◆ **What the exercise asks**:
Begin your copy at the line that holds "드디어 첨소리 뽀리딩매트가" and carry it through the final line of the data, writing out each line exactly and omitting pictures.

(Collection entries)
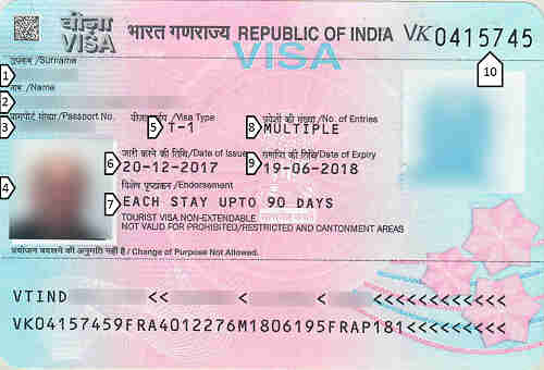 Lire et interpréter le visa obtenu pour l'Inde sans se tromper
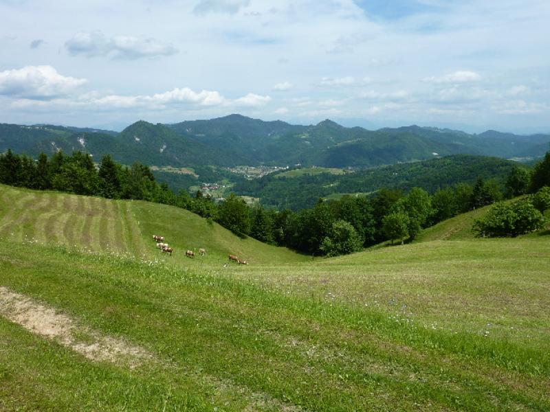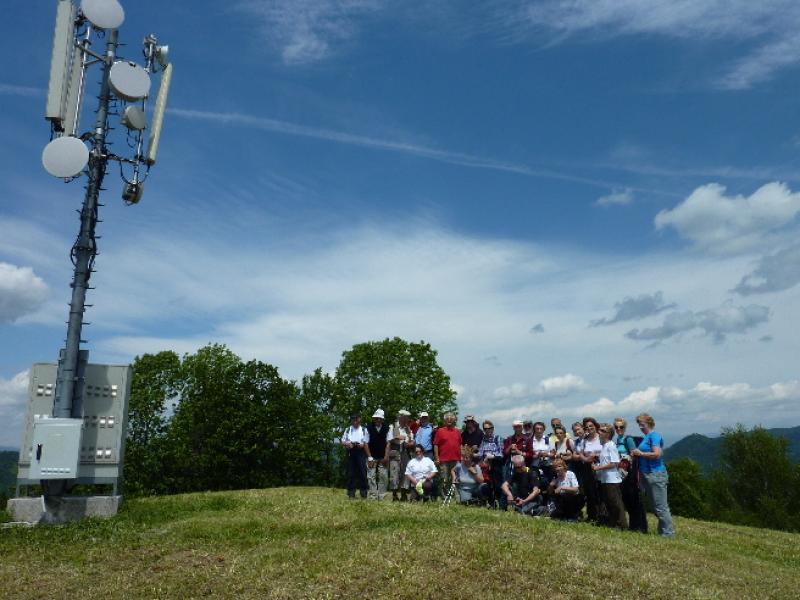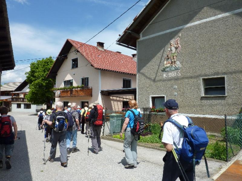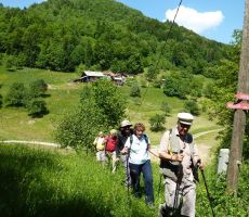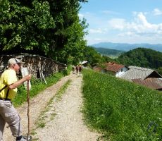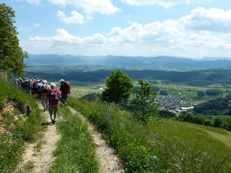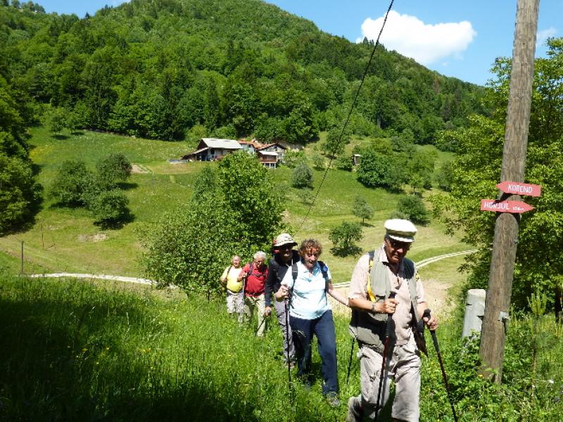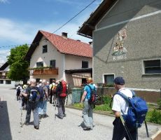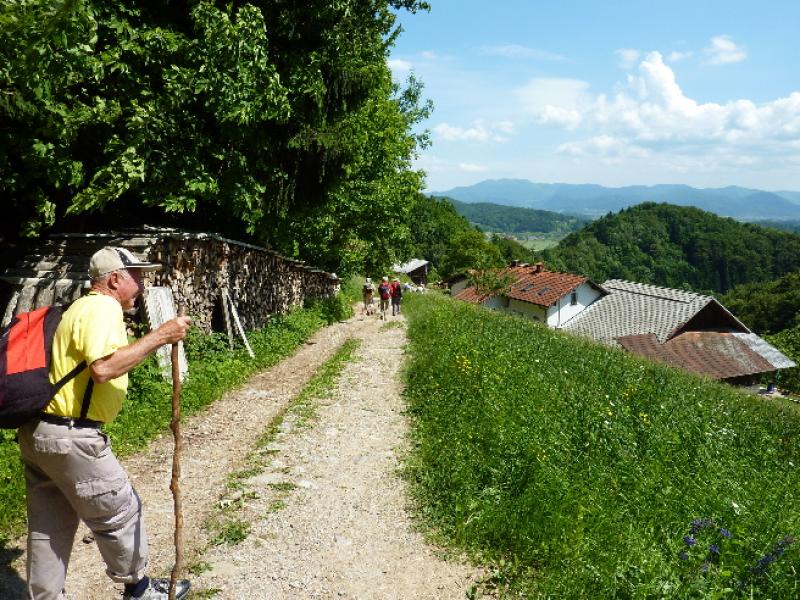 V lepem spomladanskem jutru smo prijetno razpoloženi krenili na pot in kmalu prečkali potok Mala voda, kjer smo vrgli pogled na staro žago in zasebno malo elektrarno in že smo vstopili v zavetje gozda. Po dobrih 30 minutah hoje smo prispeli v vas Briše, kjer se nam je ponudil razgled na okoliške griče, na katerih kraljujejo male cerkvice. Osamljene velike kmetije z napisi vabijo popotnike na odprta vrata kmečkega turizma. Pot smo nadaljevali po gozdnih in travnatih poteh s preprogami pisanega travniškega cvetja. Spomnil sem se enega od naših društvenih izletov pred mnogimi leti, ko nam je v teh krajih prišel nasproti, v spremstvu dveh znancev, sedaj že pokojni član društva Dominik, ki je tiste čase raje hodil sam, kot v velikih skupinah. Bili smo presenečeni, tako on kot mi.
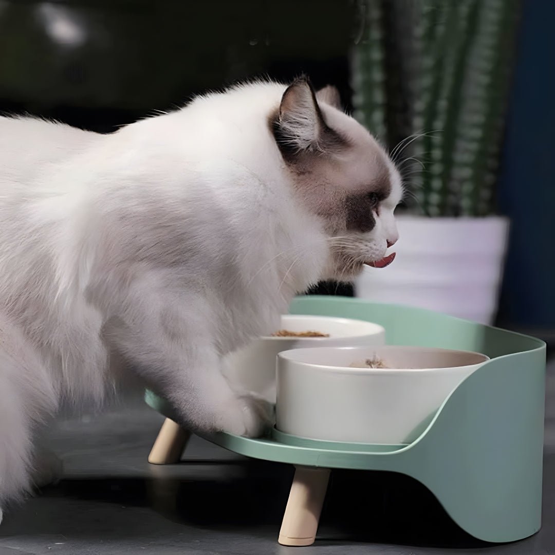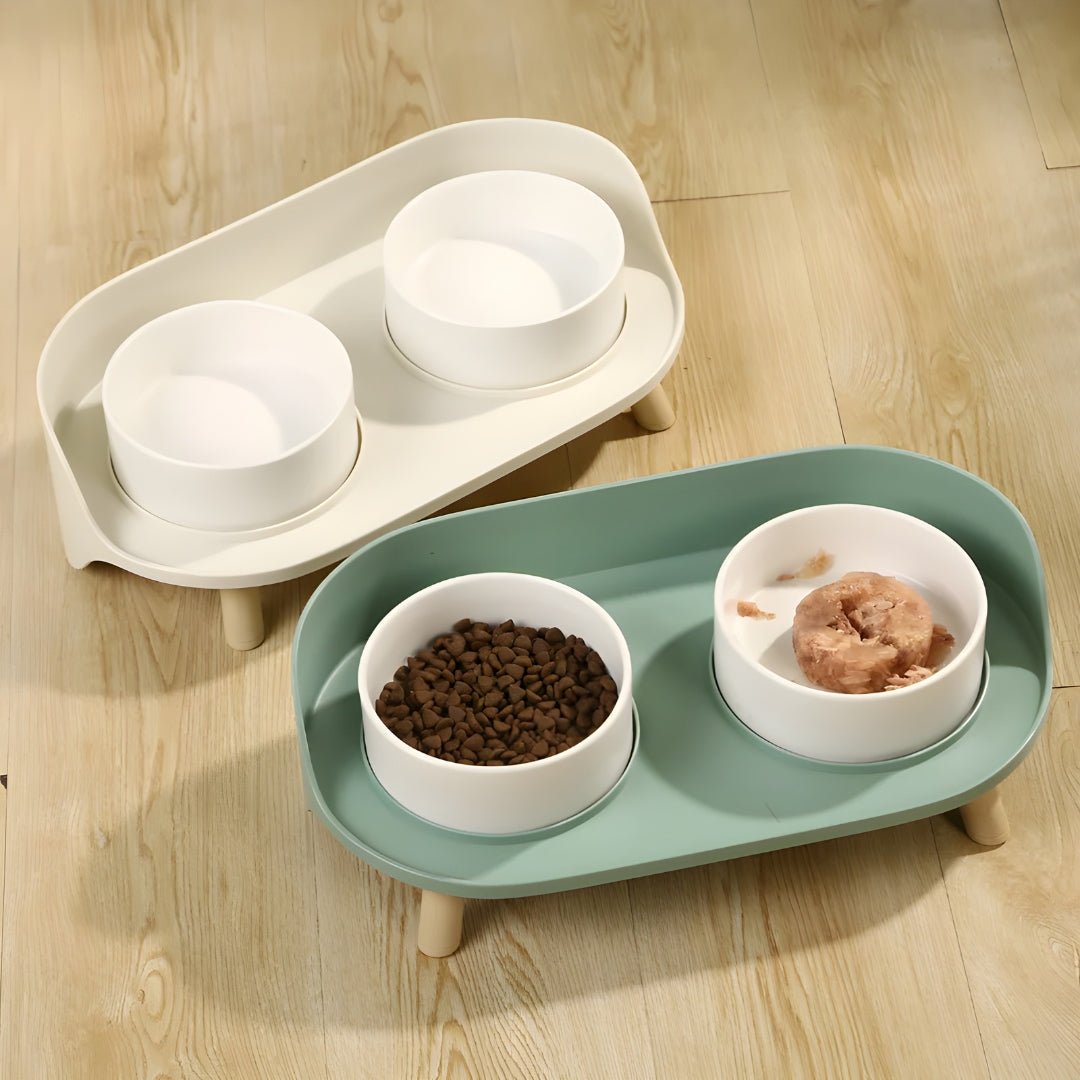 The Anti-Spill Elevated Double Bowl Feeder is ideal for small cats and dogs
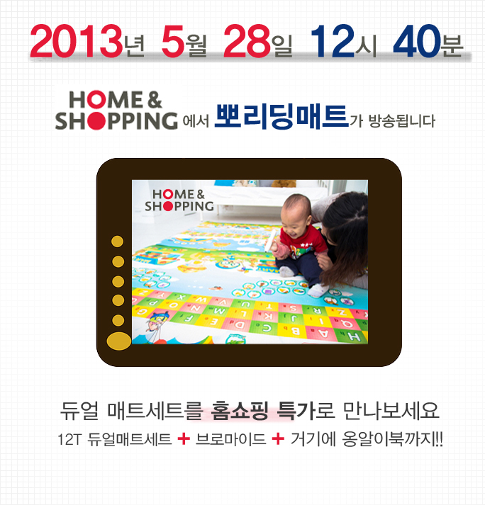 드디어 첨소리 뽀리딩매트가 홈쇼핑에서 판매한답니다~ 다음주 5월 28일(화요일) 홈앤쇼핑 12시 40분!!! 제...
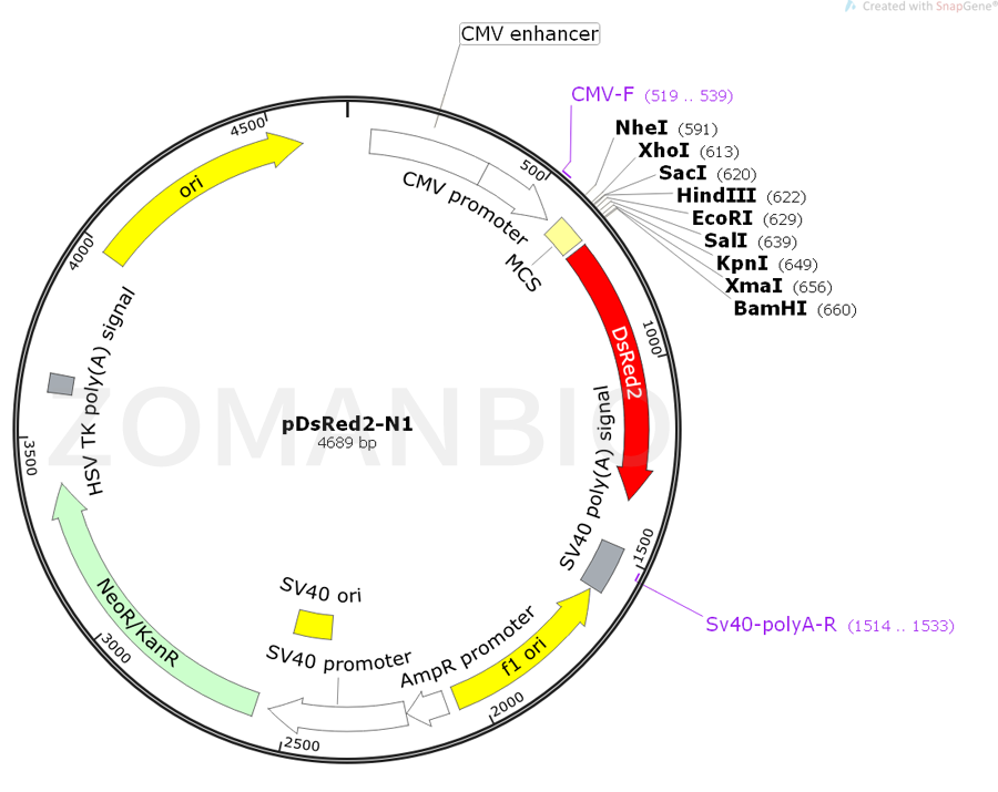 質(zhì)粒序列請(qǐng)下載:ZK433pDsRed2-N1哺乳熒光質(zhì)粒.txt

◆ **Solution for this exercise**:
 드디어 첨소리 뽀리딩매트가 홈쇼핑에서 판매한답니다~ 다음주 5월 28일(화요일) 홈앤쇼핑 12시 40분!!! 제...
 質(zhì)粒序列請(qǐng)下載:ZK433pDsRed2-N1哺乳熒光質(zhì)粒.txt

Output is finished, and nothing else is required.